2. The method according to claim 1, wherein the primers and/or probes carry a fluorescent moiety.

3. An in vitro method for the diagnosis of an influenza virus infection in a subject comprising performing the method according to claim 1.

4. A method for monitoring the treatment of influenza virus infection, said method comprising performing the method according to claim 3 before treatment with at least one anti-viral drug and during and/or after treatment with said anti-viral drug.

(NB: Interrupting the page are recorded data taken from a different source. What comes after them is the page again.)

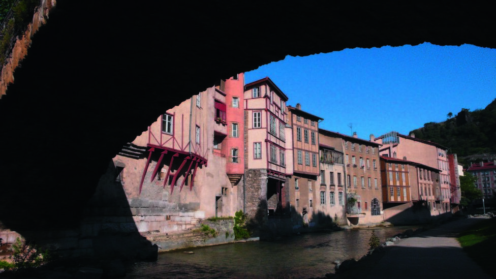 Ab dem 12. Jahrhundert führte diese Brücke über den Fluss Gère, einen Nebenfluss der Rhone, der schon dafür bekannt war, die Räder von Getreidemühlen, Hanfschlägern und Ölpressen anzutreiben.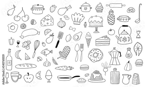 Food doodle hand drawn sketch symbols and objects. Set of kitchen and cooking elements.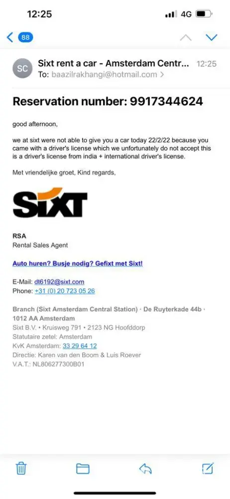 Booked car from Economybookings with booking number B22075754. Booking was for Sixt Car at Amsterdam. The shop manager denied giving the car despite showing him international driving permit and driving license. He clearly stated we cannot give you car because of 2 things:
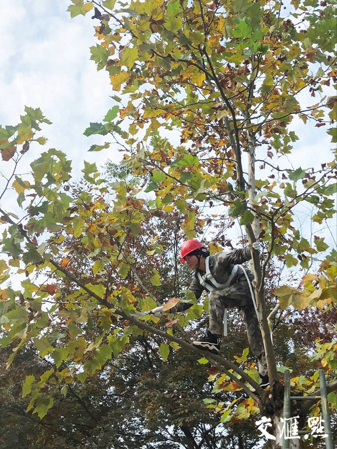 交汇点讯 落叶时节忙剪枝,怎样让一棵棵梧桐树变成一条壮观美丽的梧桐大道?让一株株海棠变成一条优美的海棠景观路?比过栽盆景,赛过养花草,2018年绿化园林行业的技能大赛题目是“修树剪枝”,将“工匠精神”细致到每一根枝头。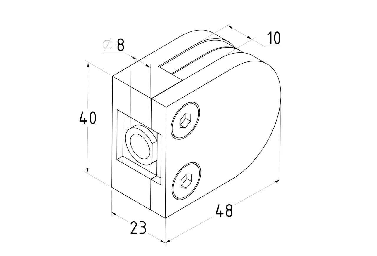 Стеклодержатель штампованный, под стекло 10 мм (5+5 мм), на плоскость 40х24х48 полированный (AISI 304) k352-10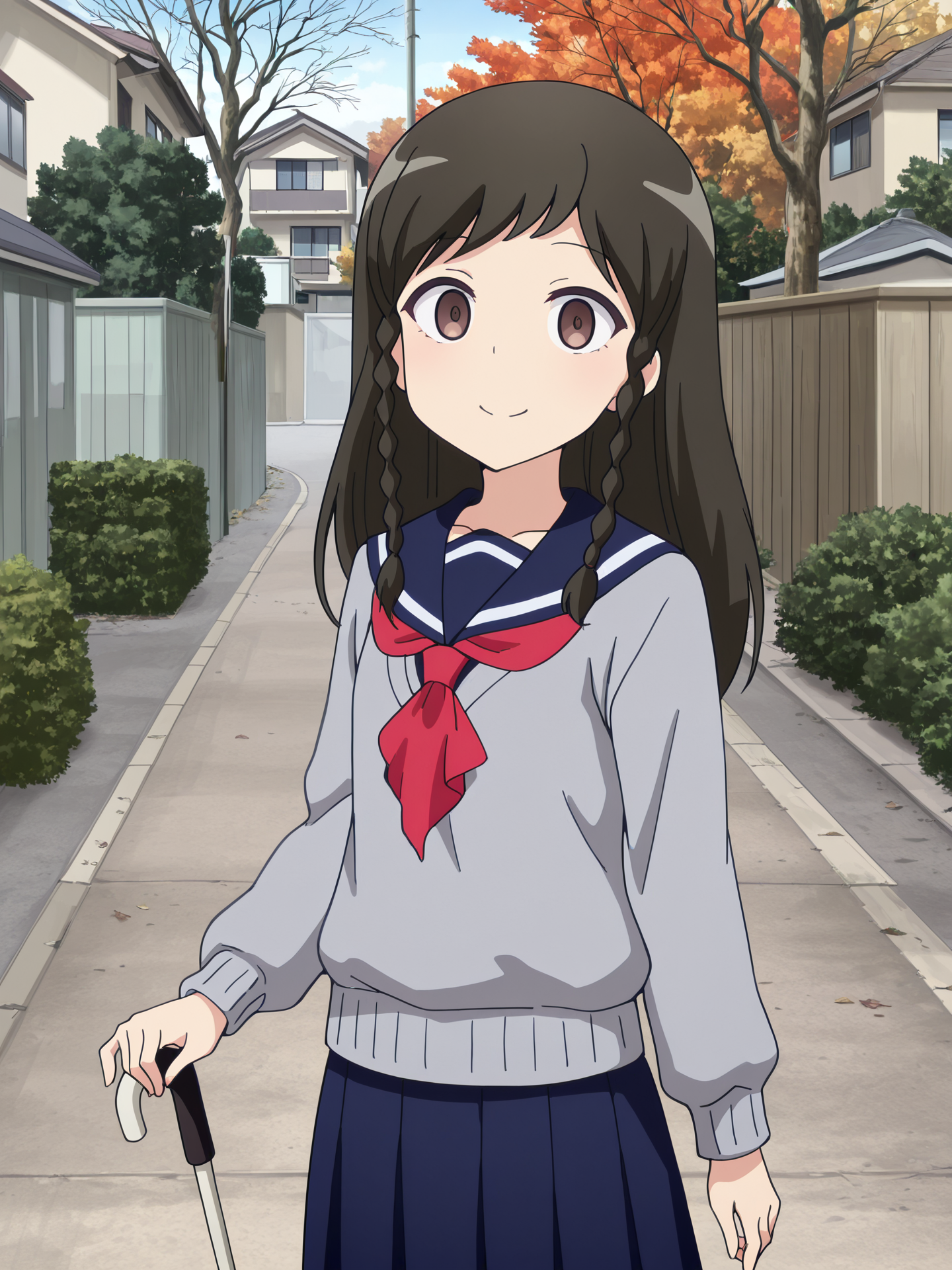 青いシャツ、青いセーラー collar、赤いネッカチーフ、グレーのセーター、長袖、青いスカート、白い靴下、盲人用の銀製のつえ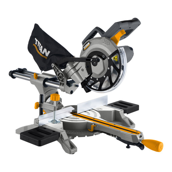 La scie à onglet radiale Titan 210mm avec lame TCT à 48 dents fonctionne à une vitesse de 5000tr/min pour traiter de grandes quantités de matériaux à un rythme élevé. Scie réglable avec 5 butées préréglées à gauche et un biseau jusqu'à 45° pour choisir l'angle le plus adapté à la tâche. Fournie avec un sac à poussière, des bras d'extension et une clé mâle pour les réglages.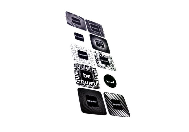 This model stands out with its interchangeable films: around ten plastic sheets to be inserted manually into the pump unit cover to obtain a static pattern. These films are placed on the white surface and secured with the included cover. Most designs incorporate the be quiet! logo. The Space Invaders design is one of two films that do not feature a manufacturer's logo.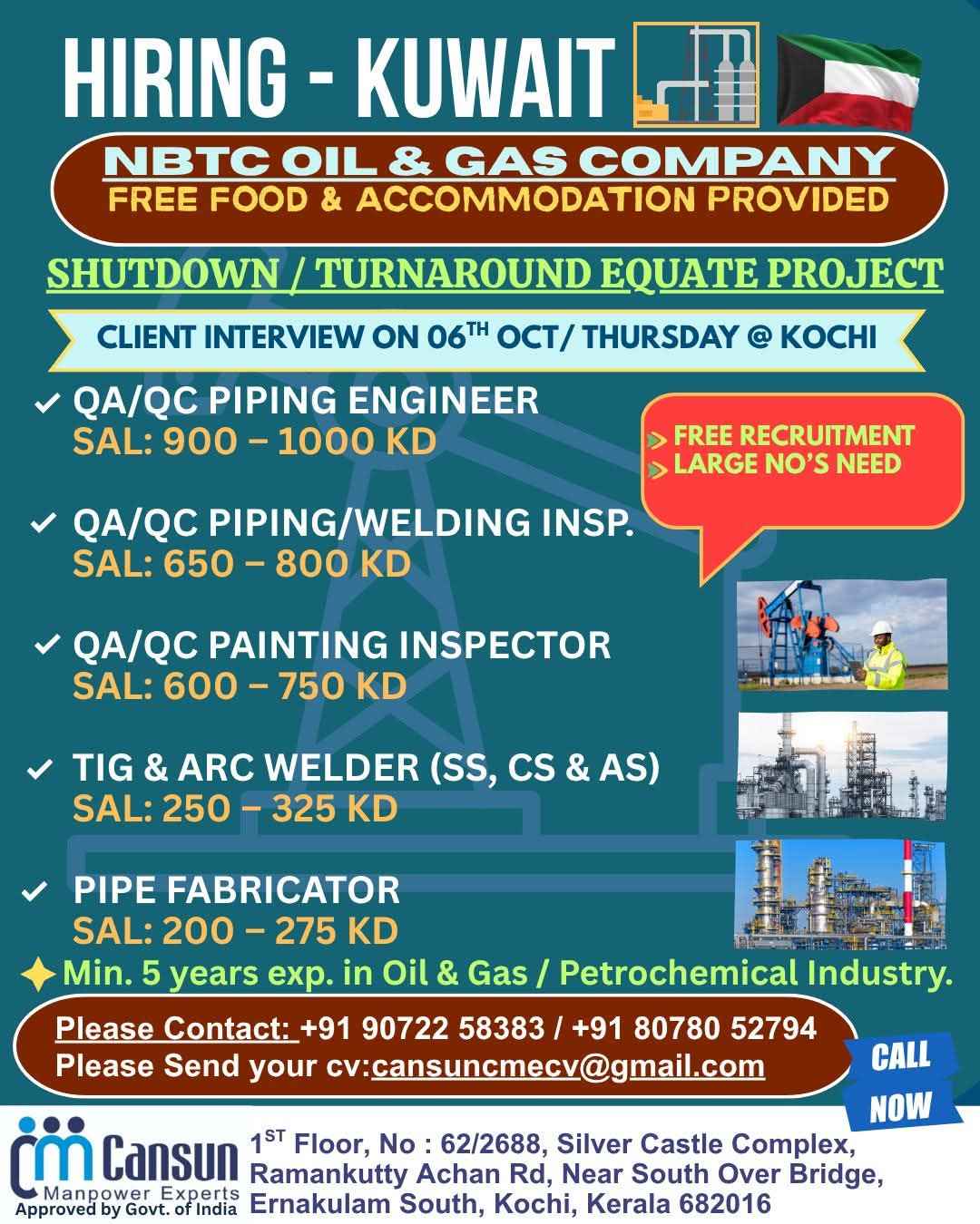 FREE RECRUITMENT KUWAIT - NBTC (EQUATE SHUTDOWN)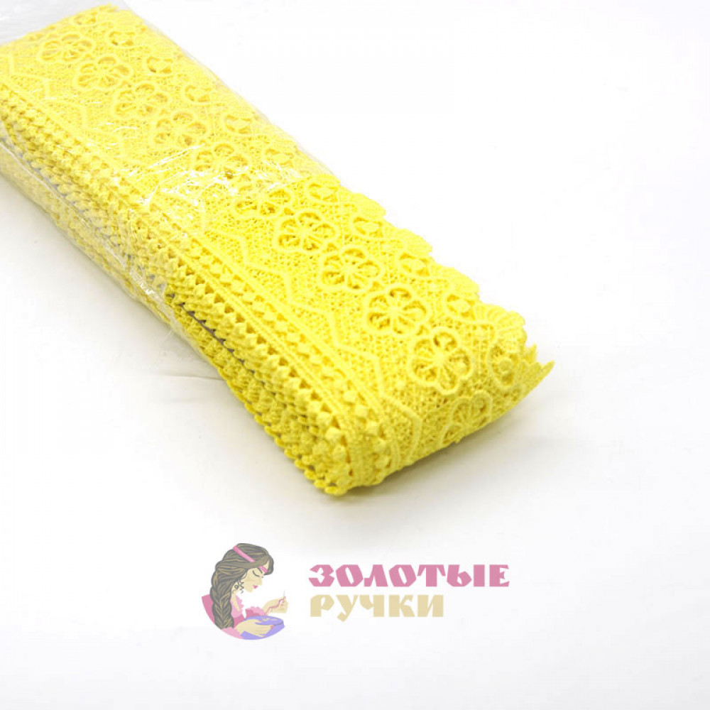 Кружево плетеное, ширина 8 см, в упаковке 9,5 метров, цвет желтый - нежный ажурный материал, способный стать утонченным украшением любого изделия. Каждое кружево имеет уникальный рисунок. Можно использовать в качестве подкладки или наружной отделки различных видов «базовой» одежды, нижнего белья, игрушек, аксессуаров и т.д.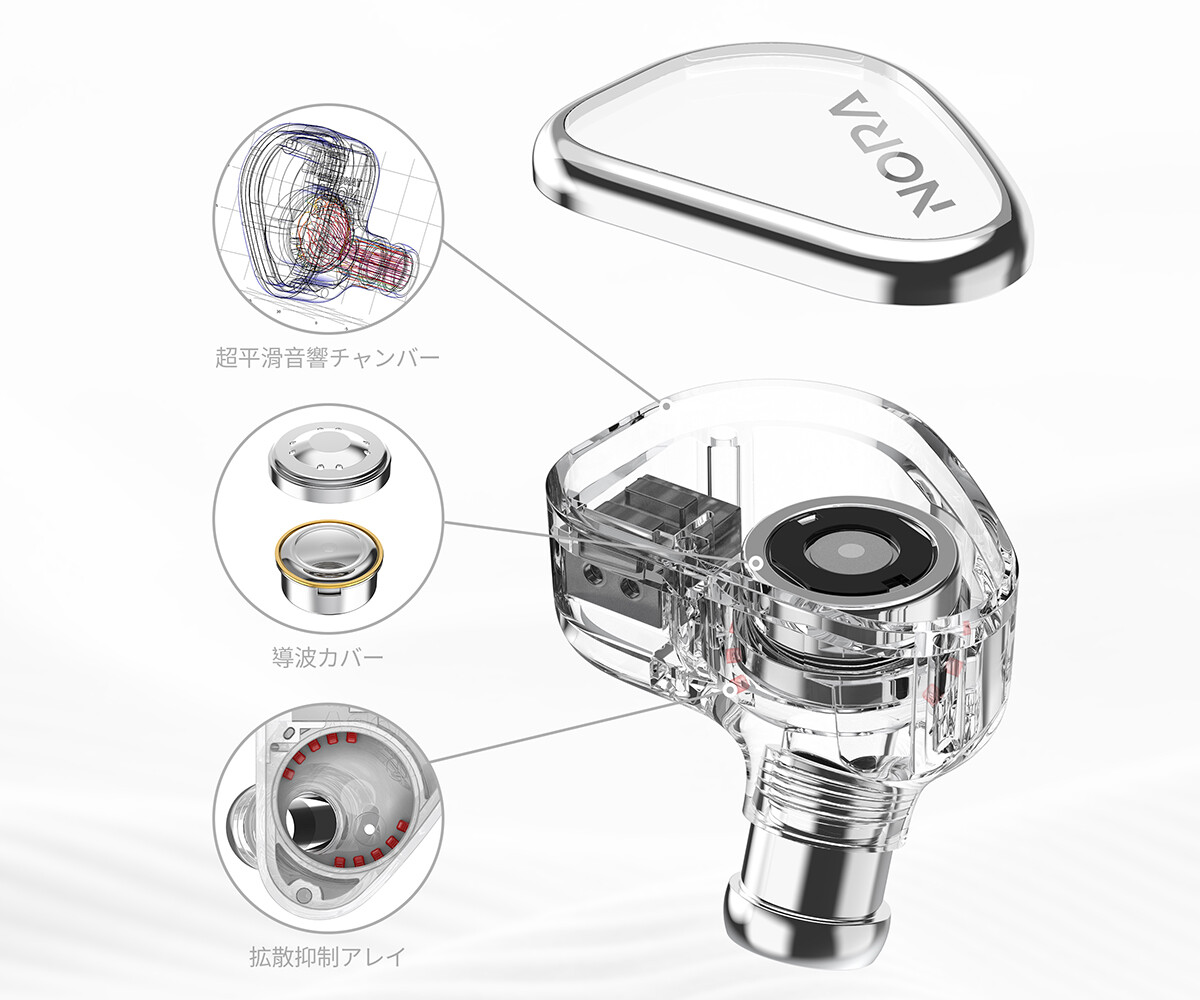 ドライバーにはTANCHJIMのフラッグシップ技術「DMT5」構造を採用し、振動板にDLCドーム、PUサスペンションエッジによる複合振動板デュアル磁気回路デュアルキャビティダイナミックドライバーをシングルで搭載。DLCドーム部は高域の伸びを最適化し、素早くクリアな過渡応答を可能とし、PU素材によるサスペンションエッジは素材特有のダンピング性能により不要な振動を吸収して低域に弾力感を持たせ高域の共振ピークを抑制。透明感と繊細さを備えた自然な音を実現します。またドライバーを収容するシャーシでは上位モデル同様の導波カバーを備えエネルギー伝達効率と解像度を向上させます。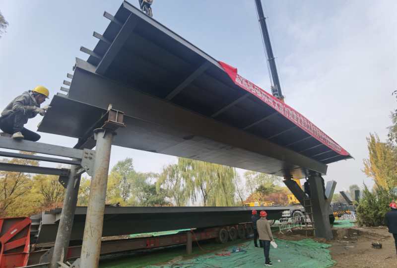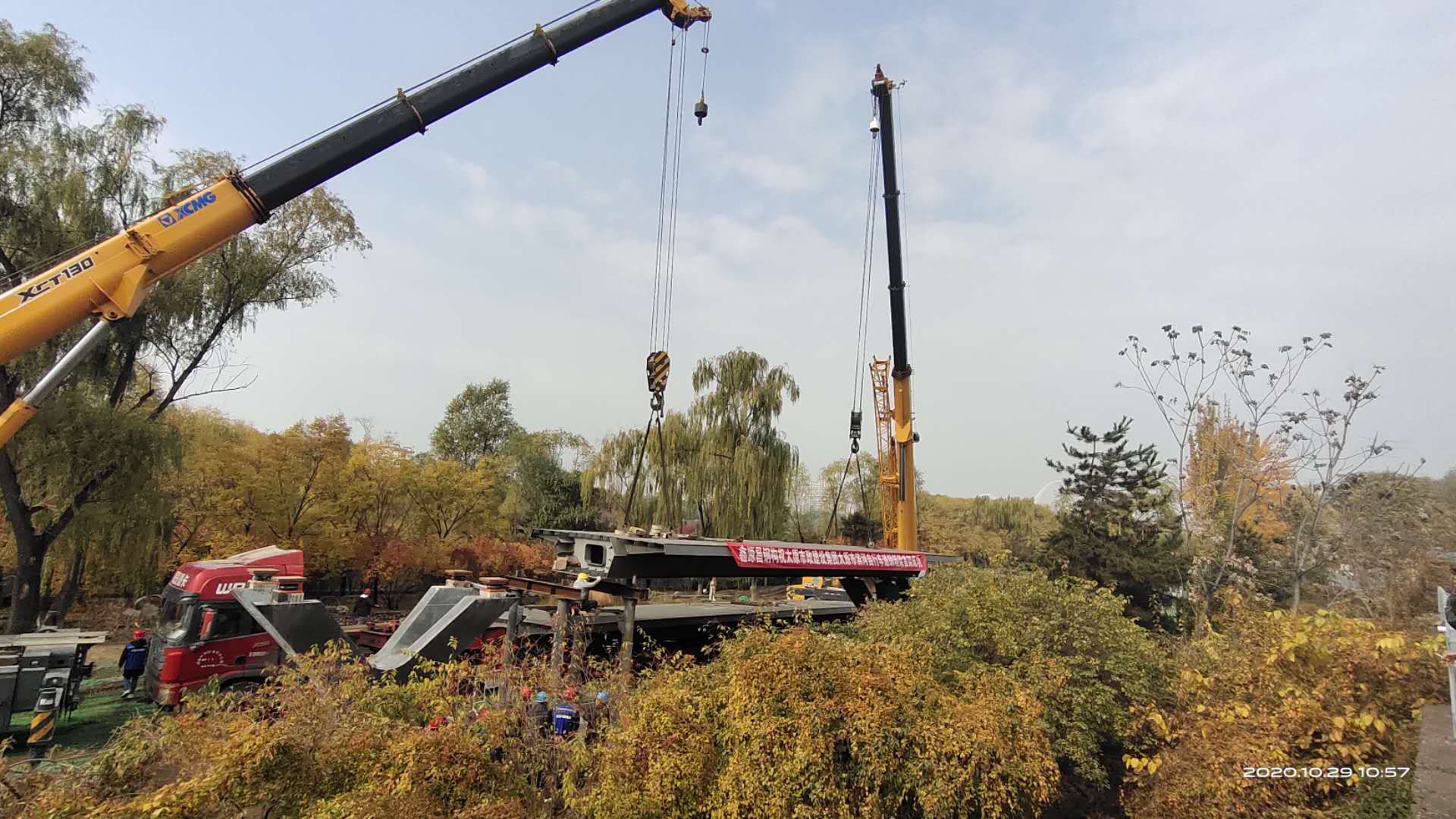 10月29日上午9:00,隨著濱河自行車專用道工程一標段項目部河東高架橋第一片鋼箱梁的成功吊裝,拉開了一標段橋梁部分上部施工的序幕。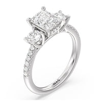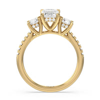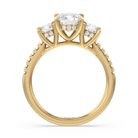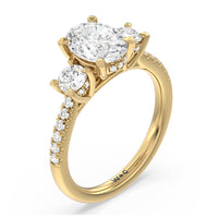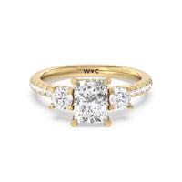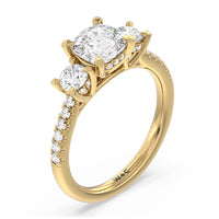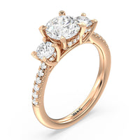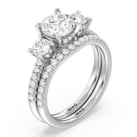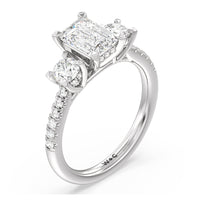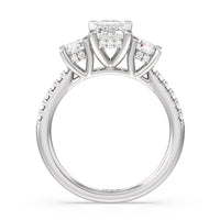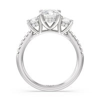 A three-stone token of love that's bursting with sparkle from every angle. This fine piece features a trio of twinkling diamonds in a cathedral setting. The shining centerpiece is flanked by shimmering side stones. A trio of hidden halos completes the glamorous glitter of this ring.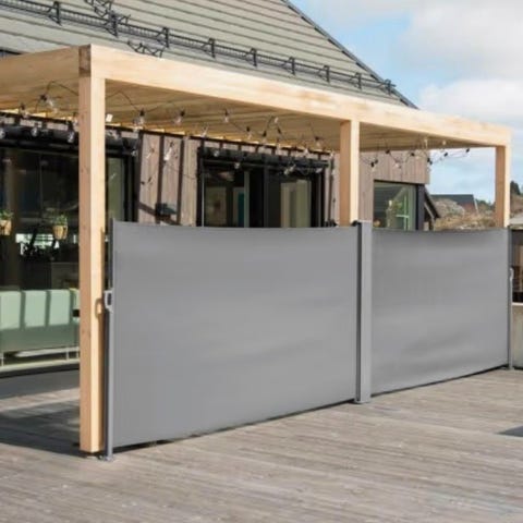 Terrassemarkisen er laget av kraftig polyester, noe som gjør den vann- og smussavstøtende, samt UV- og værbestandig. Den sterke pulverlakkerte stålrammen gjør hagemarkisen solid og holdbar. Takket være det sammenleggbare designet kan denne hageskjermen enkelt brettes sammen når den ikke er i bruk for å spare plass. Og med veggbraketten kan denne vindskjermen for terrasse lett monteres på veggen.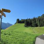 Wegweiser bei Bütschi 1815 m.ü.M. hier bogen wir links ab Richtung Gilbach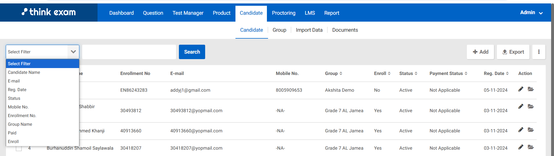 You can search for candidates using the search bar at the top of the Candidate tab. Enter the candidate’s name, email, enrollment number or other identifiers to quickly locate them.

5. A real-time PCR assay for the simultaneous detection of at least one nucleic acid of influenza A subtype H1 and/or H3 and/or influenza B in a biological sample comprising primers and/or probes having oligonucleotide sequences as set forth in claim 1.

6. The assay according to claim 5, wherein the assay is adapted for use in a fully automated laboratory.

7. A composition comprising primers and/or probes having oligonucleotide sequences as set forth in claim 1.

8. A kit for the simultaneous detection of influenza A subtype H1 and/or H3 and/or influenza B in a biological sample comprising primers and/or probes having oligonucleotide sequences as set forth in claim 1 and instructions for use.

9. The kit according to claim 8, wherein said kit further comprises enzymes, deoxynucleotides, and/or buffers for performing a reverse transcription step and/or a PCR step.

10. The diagnostic kit according to claim 8 further comprising reagents for the isolation of nucleic acids from a biological sample.